Il sindaco e tutti i suoi non vogliono che passi l'idea di una
ostilità fra i due. Hanno ragione, perché a Renzi non conviene. Poi però
il messaggio che passa è un altro
Dello scambio di dichiarazioni e battute degli ultimi giorni fra
Renzi, Epifani, i renziani e i bersaniani, un solo aspetto sembra
veramente interessante: l’evidente preoccupazione del sindaco di Firenze
di non far passare l’idea che lui sarebbe un avversario di Enrico Letta
e un sabotatore del suo governo.
È come se Renzi si sia reso conto del principale pericolo che corre in questa fase. Il pericolo che dieci giorni fa su Europa
riassumevamo così: Renzi ovviamente spera in elezioni a strettissimo
giro, ma non può muoversi come demolitore delle larghe intese perché
nessuno può garantirgli che, in caso di caduta di Letta, si vada
automaticamente al voto anticipato. Per esempio tanti giocano per
maggioranze alternative, con M5S; poi c’è Napolitano, che non allenterà
la tutela sul governo; infine c’è la questione della riforma elettorale,
che si frappone invalicabile verso la convocazione delle elezioni.

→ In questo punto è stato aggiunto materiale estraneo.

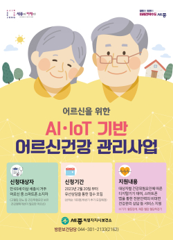 [충청뉴스 최형순 기자] 세종시보건소는 65세 이상 노인의 건강관리를 지원하기 위해 ‘인공지능·사물인터넷 기반 어르신 건강관리 사업’ 참여자를 모집 중이라고 24일 밝혔다.
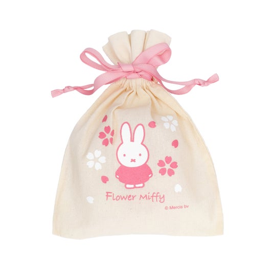 ミッフィーやさくらのモチーフなど6種のラムネとピンクや黄緑色など、さくらを彷彿とさせる4色の金平糖を、巾着に入れたセット商品です。コットンの生地にミッフィーとさくらをあしらった巾着は、金平糖とラムネを食べ終わったあとは、リップやミラーなどを入れて小物入れとしても使用できます。
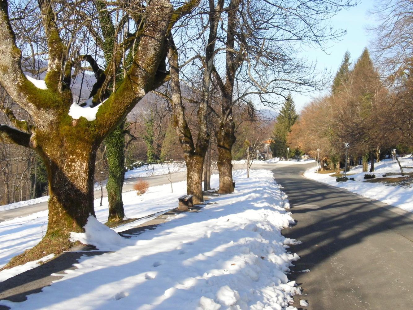I push the bike in off the asphalt over the snow, careful not to step on the glassy parts previously trampled, which would result in my feet sliding from under me and falling on my backside. I lean the bike against a wall and lock it, then step down steps, again mindful of the danger of stepping on slippery parts, down to a path, which is only the start of a long path zig-zagging down the gorge to the parks attraction: the Plitvice Lakes: a series of lakes beginning on the river high up in the gorge: the river cascading down from one level to the next between lakes, like steps, as pictured on the interpretation board by the park ticket office at the first hairpin bend on the path.
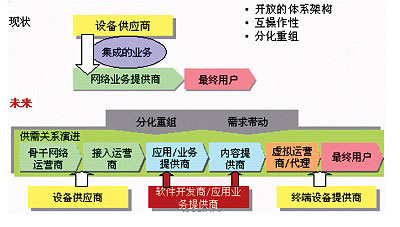 隨著市場對業(yè)務的需求越來越高,運營商扮演業(yè)務開發(fā)者和業(yè)務提供者角色將不再能夠滿足需求,新業(yè)務的提供速度與業(yè)務的種類都逐步處于劣勢,這時運營商需要放棄原來屬于自己的利益,從全業(yè)務提供商逐步演變?yōu)榫W絡提供商和網絡業(yè)務集成商。例如,通過與ICP/ISP的合作,構造NGN業(yè)務價值鏈,提供包括網絡教育、網絡證券等寬帶增值服務;通過開放的Parlay
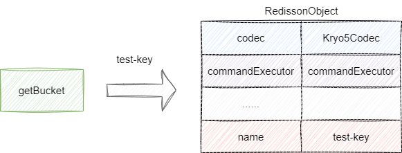 对于RBucket对象的set和get操作本质上都是基于redis字符串操作指令set和get的一层封装,在我们调用getBucket获取对应key的bucket的时候,redisson会基于当前客户端的连接信息和bucket键进行一次封装得到一个test-key的bucket对象:
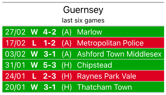 Guernsey are in reasonable form in the Isthmian League Division One South Central, with four wins and two losses from their last six games.
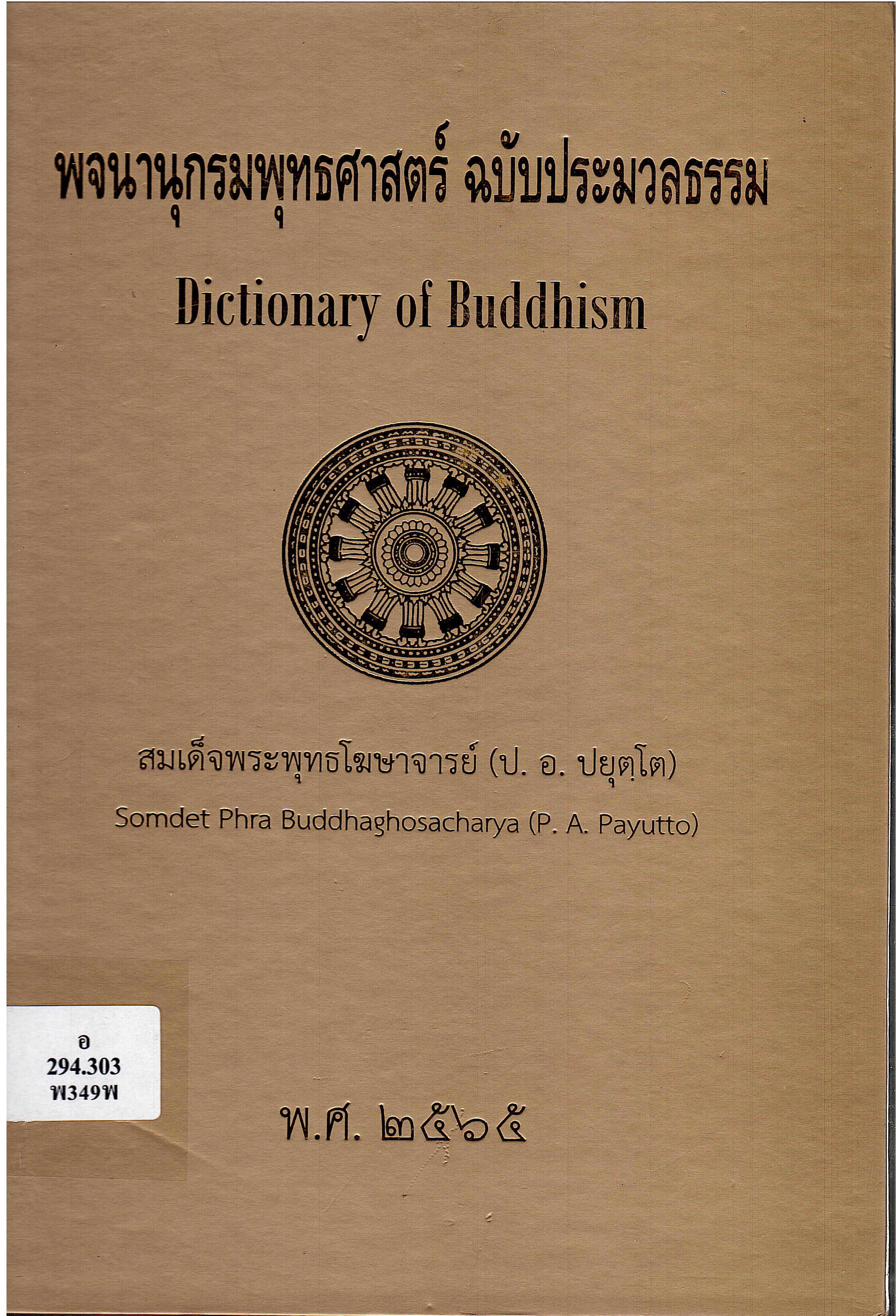 สมเด็จพระพุทธโฆษาจารย์ (ป. อ. ปยุต.โต), 2481-. พจนานุกรมพุทธศาสตร์ ฉบับประมวลธรรม. พิมพ์ครั้งที่ 45. กรุงเทพฯ: สหธรรมิก, 2565. 388 หน้า.
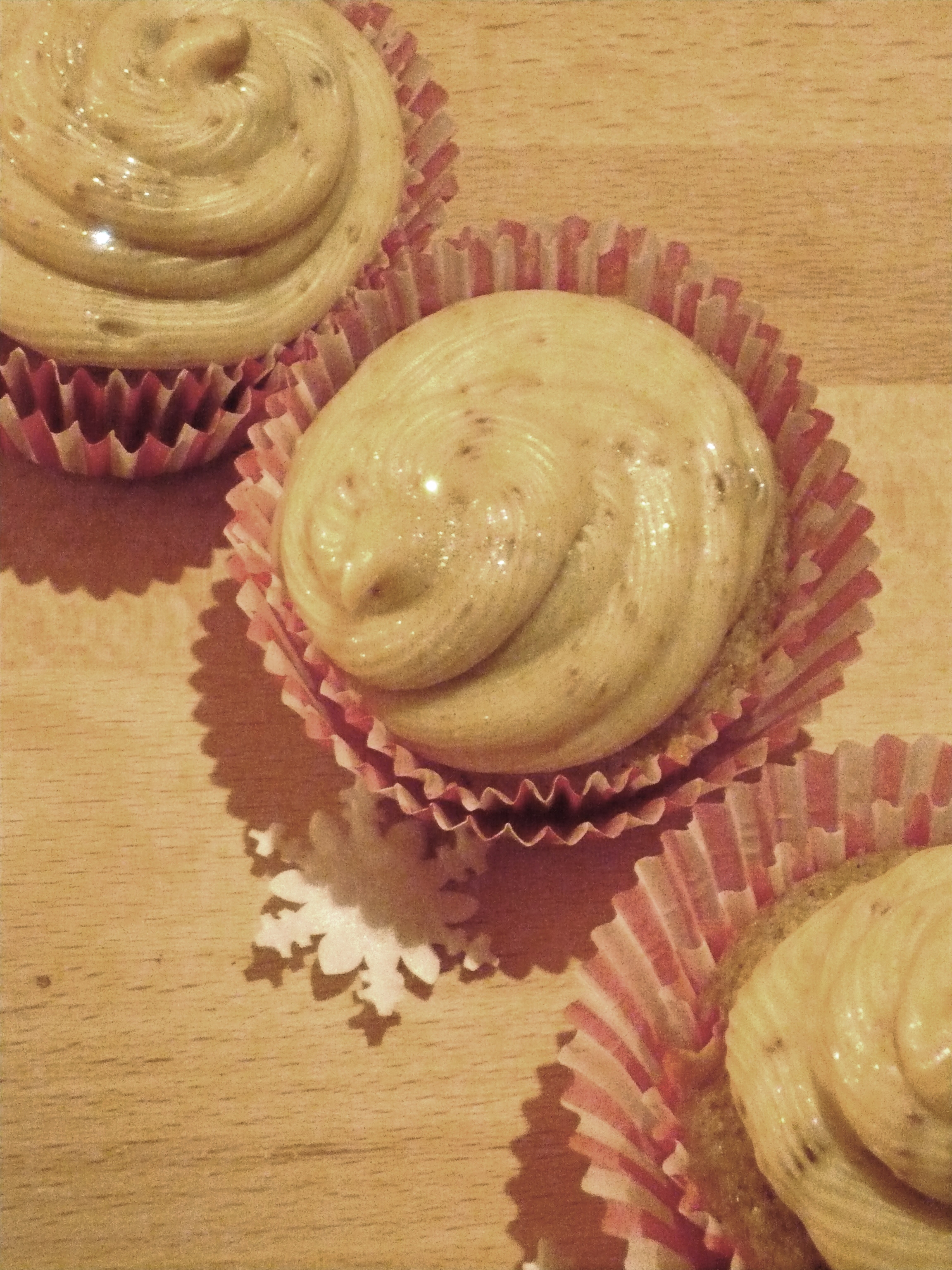 For the frosting, beat the icing sugar and butter on slow speed until combined. Add the cream cheese and the Spekuloos spread in one go and mix until combined with the icing sugar-butter mix. Beat (I usually do this by hand, but a free-standing mixer is easier on your arms!) on high speed until the frosting is light and fluffy (ca. 5 minutes). Be careful not too overbeat the frosting as it can quickly become runny. Place the frosting in the fridge for 1-2 hours (the frosting will become thicker in the fridge so it will be easier to pipe). I like piping the frosting with a star or round nozzle but you can also just spread the frosting with a palette knife or a normal knife. If available, dust with some edible glitter for some Christmas sparkle!
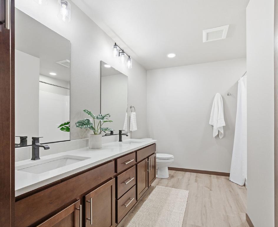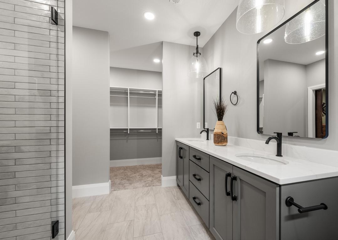 The main-level master suite offers a peaceful retreat, featuring a walk-in closet and double-vanity bathroom with heated tile floors, a custom-tiled zero-entry shower, and under-cabinet LED lighting.
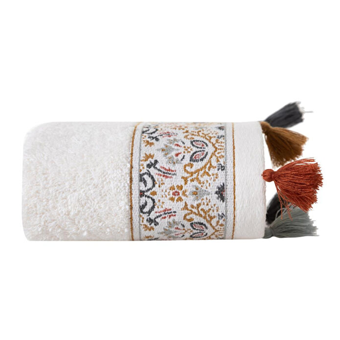 Carmen püsküllü el havlusu, banyonuza estetik ve konforu bir arada sunar. Yumuşak dokusu sayesinde her kullanımda doğal bir rahatlık hissi verir. Beyazın sade ve temiz görünümü, turuncu, kahverengi, gri ve krem gibi sıcak renklerle tamamlanarak banyonuza samimi bir atmosfer kazandırır. Etnik ve dekoratif detaylarıyla öne çıkan Carmen el havlusu, evini dekore etmeyi seven ve banyo tekstilinde şıklığı arayanlar için uygun bir seçenektir.
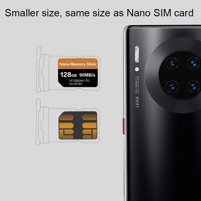 NM Card Suitable for mobile phone models: For Huawei P30 For Huawei P30 Pro For Huawei Mate 20 For Huawei Mate 20X For Huawei Mate 20XS For Huawei Mate 20 Pro For Huawei Mate 20 RS Porsche Design NM card information: Name: Nano Memory Card Read speed: 90MB/S Write speed: 70MB/S Size: about 12.3*8.8*0.7mm Capacity: 128GB Type: External expansion Product gross weight: about 80g
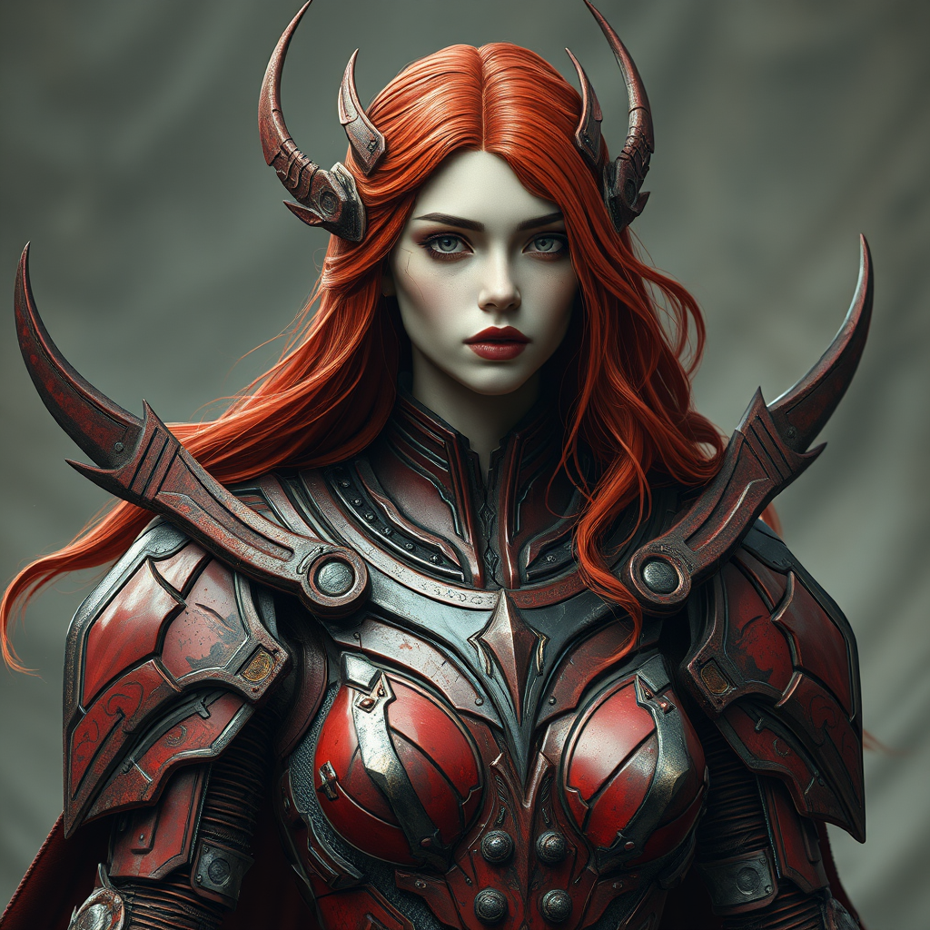 goddess warrior knight sci-fi beautiful futuristic space armor divine celestial ultra-realistic battle-worn red intricate elegant realistic hyperrealistic cinematic highly detailed lowres elements of decay and distortion with hints of jpeg artifacts and text errors in the background. Her form is slightly misshaped, displaying a blend of extraordinary and surreal characteristics, exhibiting occasional anatomical anomalies. An enigmatic aura surrounds her, with traces of elaborate but imperfect artistry, occasionally blurred or fuzzy, evoking a sense of otherworldly beauty amidst chaos.
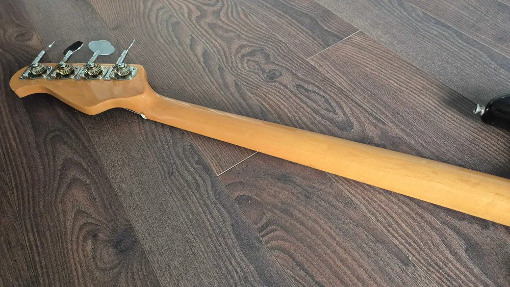 21 nickel silver frets; bolt on one-piece Canadian rock maple neck / Indian rosewood fingerboard; colour: black (RN), white (MN), metallic red; Korean strings; 2 HP single coil BS-5 + BS-6 (PJ-style); vol/vol/tone; chrome hardware; graphite nut
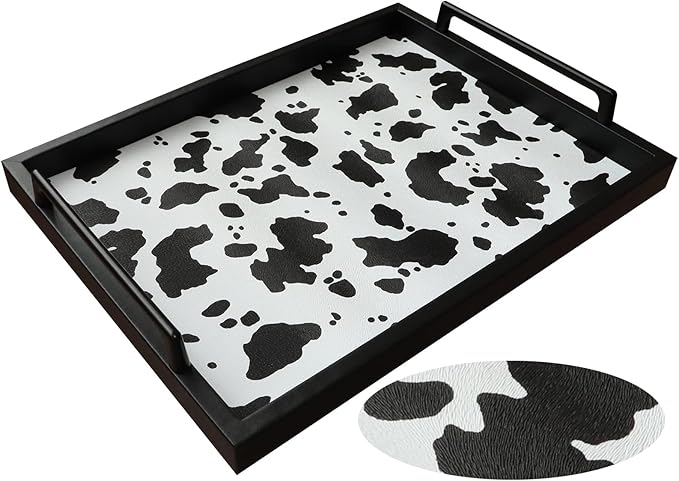 - Black coffee table tray Product size: 16.5*12.6*2.35 inches (L x W x H), weight 2.2 lbs. Materials: PU Faux Leather Cow Texture Wrapped MDF, Black Hardware Handles
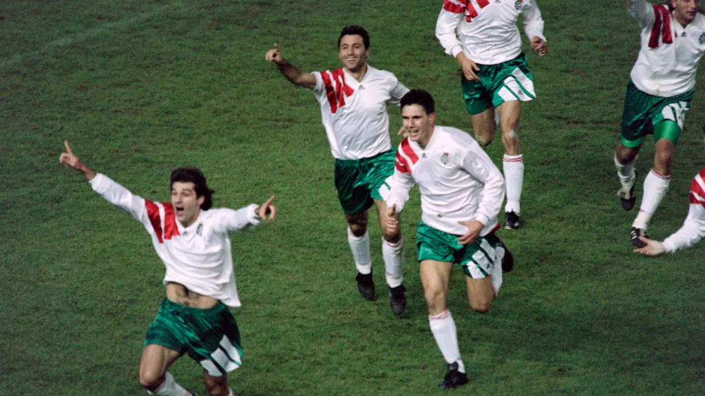 La Bulgarie part en contre. Penev sert, et Emil Kostadinov surgit. Frappe. Filet.

Renzi vuole sbrogliare tutta questa complicata matassa facedo il
mestiere di segretario del Pd? Improbabile. D’altronde però non può
neanche, a questo punto, tirarsi indietro: rinunciare a correre alle
primarie sarebbe la certificazione di fragilità di leadership. Agli
occhi dell’opinione pubblica non sarebbe neanche sufficiente
prendersela, come schermo e come alibi, con i tristi tentativi che
effettivamente sono in corso da parte della residua nomenklatura bersaniana per limitare grazie al cambio delle regole congressuali non solo le chances
di Renzi di vincere le primarie, ma perfino il suo diritto (una volta
diventato eventualmente segretario) di contare su gruppi dirigenti
politicamente affini.
Per il sindaco rimane un solo schema possibile, quello appunto citato
dieci giorni fa: diventare leader del Pd senza rottura né con Letta né
col suo governo, ma semplicemente (e non è poco) come garante che il Pd
non si farà trovare impreparato da alcuna scossa degli equilibri delle
larghe intese. È la tesi che ora fanno correre i renziani: un Pd pronto e
competitivo che faccia passare a Berlusconi la voglia di avventure
elettorali è una garanzia di stabilità per Letta, non una fonte di
pericolo.
La tesi è corretta. In astratto. In pratica, l’incontenibile sindaco
non riesce a nascondere la fretta né a moderare il suo peculiare
antiberlusconismo, indispensabile a vincere le primarie. Sicché alla
fine il messaggio che passa, nonostante tutti gli sforzi, è l’opposto di
quello che razionalmente si vorrebbe trasmettere.